I have a list of linear ranges which represent one big range:
X'
100 200 300 400 500 600 700 | 900 (X)
|----------|----------|----------|--------+----------|
0 | 100 (Y)
Y'
X consists of the following ranges (even and round numbers are just examples for ease of comprehension, they could be anything, no proportions here at all):
From 100 to 200
From 300 to 400
From 500 to 600
From 700 to 900
On the flip side, Y has just one range:
From 0 to 100
Both X and Y are of the same length, just different units. Let's say one is dollars and another is percents (or any other similarly unrelated units). So Y'0 == X'100 and Y'100 == X'900.
Given any point in Y, what is equivalent point in X and vise-versa, given a point in X - what is it in Y?
Is this a typical math problem? Does it have a name?
How many ranges do you have? Is it acceptable that the algorithm is O(number of ranges)?
If so, below is the description of the algorithm. Let me explain it on your (original) example.
100 200 300 400 500 600 700 800
|----------|----------|----------|----------|
0% 100%
1) What you're doing to do is to map the value X in range A (100-800) to the value Y in continous range B (0-399) (as the total number of elements in your range is 400). Then it's easy to change position in B to percents, I will omit this part.
2) Create a list of records, where each records represents one range mapping.
struct RangeRecord {
int start_in_a;
int start_in_b;
};
In your case, you will get the following list:
{100, 0}, {300, 100}, {500, 200}, {700, 300}
3) When you need to map a number X from A to B, you iterate the list to find first record with start_in_a <= X.Then your value Y is
Y = X + start_in_b - start_in_a;
4) The algorithm is symmettric, you just iterate the list to find the first record with start_in_b <= Y, and then
X = Y + start_in_a - start_in_b.
Note 1. For error checking purposes, you might keep the range size in RangeRecord, as well.
Note 2. If O(number of ranges) is not good enough, keep the records as a tree instead of a list. You will need O(log(number of ranges)) operations then,
Say you have one range (a, b) and another one (c, d). Now you have a number i for which a < i < b. You can "normalize" it by subtracting a and dividing by b - a - this gives you a value between 0 and 1. You can then use this value to transfer it into the other range by reversing this calculation with the other bounds, so to speak multiply it by (d - c) and add c.

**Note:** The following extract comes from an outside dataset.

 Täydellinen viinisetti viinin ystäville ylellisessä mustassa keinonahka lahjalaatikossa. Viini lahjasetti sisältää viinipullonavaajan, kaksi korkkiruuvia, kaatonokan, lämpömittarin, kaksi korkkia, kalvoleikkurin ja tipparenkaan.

Say the corresponding point in the other range is i'. Then,
i' = (i - a) / (b - a) * (d - c) + c
The term you are searching for is scaling and translation.
This is not really solvable because the problem is underspecified. Even for the same ranges, there can be different sliders like this:
1 100 101 1000
|-----|-----------|
1 100 101 1000
|-----------|-----|
For each range like [1..100] you need to know how which percent points on the slider correspond to it. In the above examples this could be something like [0%..33%] or [0%..66%]. Once you have this information, it's easy to determine in which of the ranges and at which position of that range a given data point is and to what value it corresponds.

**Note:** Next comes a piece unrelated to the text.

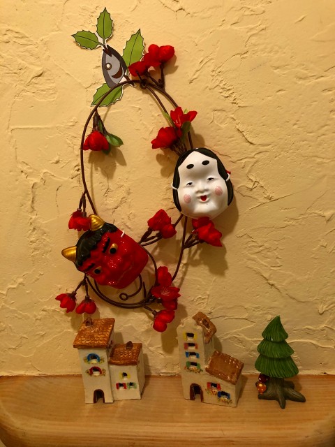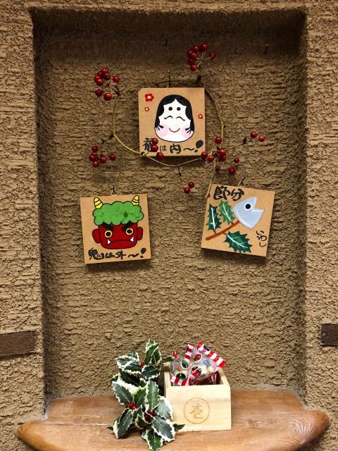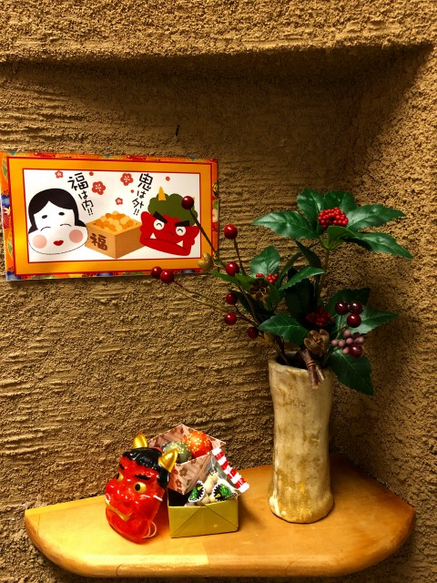 ディスプレイは‘節分’に替えました。いままでの小物の形を変え、飾る場所を変えて1品増やして完成!

You have three things you need to adjust for in converting from some X' to Y' and vice versa:
The ranges start at different places.
One of them is discontinuous.
The size of each step is different between the two ranges.
It might be helpful (at least while developing your solutions) to consider a similar range Z, which is the range 0 to 503 and has a one-to-one mapping with the 504 possible values in X. That is, for each discontinuity, if the X value is greater than the upper end of the discontinuity, subtract 99 (the size of the discontinuity). Then X'100 = Z'0, X'200 = Z'100, X'300 = Z'101, X'400 = Z'201, X'500 = Z'202, etc. The introduction of the Z range resolves problems 1 and 2 in the list above.

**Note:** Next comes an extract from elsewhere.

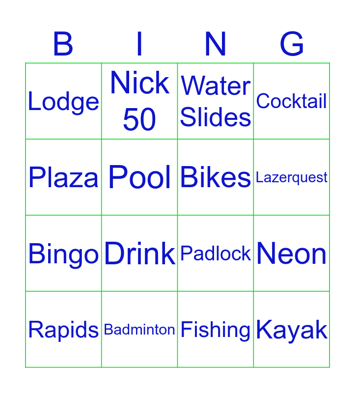 This bingo card has 52 words: Free!, Rapids, Krispy Kreme, Longleat, Squirrel, Night Swim, Nick 50, Jack 21, Pool, Snooker, Bikes, Land Train, Cappuccino, Starbucks, Jardin de Sport, American, Lazerquest, Badminton, Table Tennis, Plaza, Neon, Games Night, Lodge, Bingo, Habitat Lampshade, Talent, Birthday, Party, Drink, Wine, G and T, Cocktail, Milkshake, Waffle, Man Hunt, Water Slides, Races, Pine, Ash, Oak, Maple, Fishing, Kayak, Lake, High Ropes, Parc Market, Family, Padlock, Spa, Crazy Golf, Locker and Swimming Pool.

To convert from Z to Y, you just multiply by 101/504, which scales Z onto Y.
Assuming the piecewise linear arrangement you imply, you can find X by:
X = 4*Y + 100*int(1 + Y/25.)
and the reverse for Y:
X2 = int(X/100.)
X3 = X2-int(X2/2.)
Y = (X-100*X3)/4.
edit: This solution works for the original range you gave:
100 200 300 400 500 600 700 800
|----------|----------|----------|----------|
0% 100%
And of course, the reverse formula only holds for valid values of X.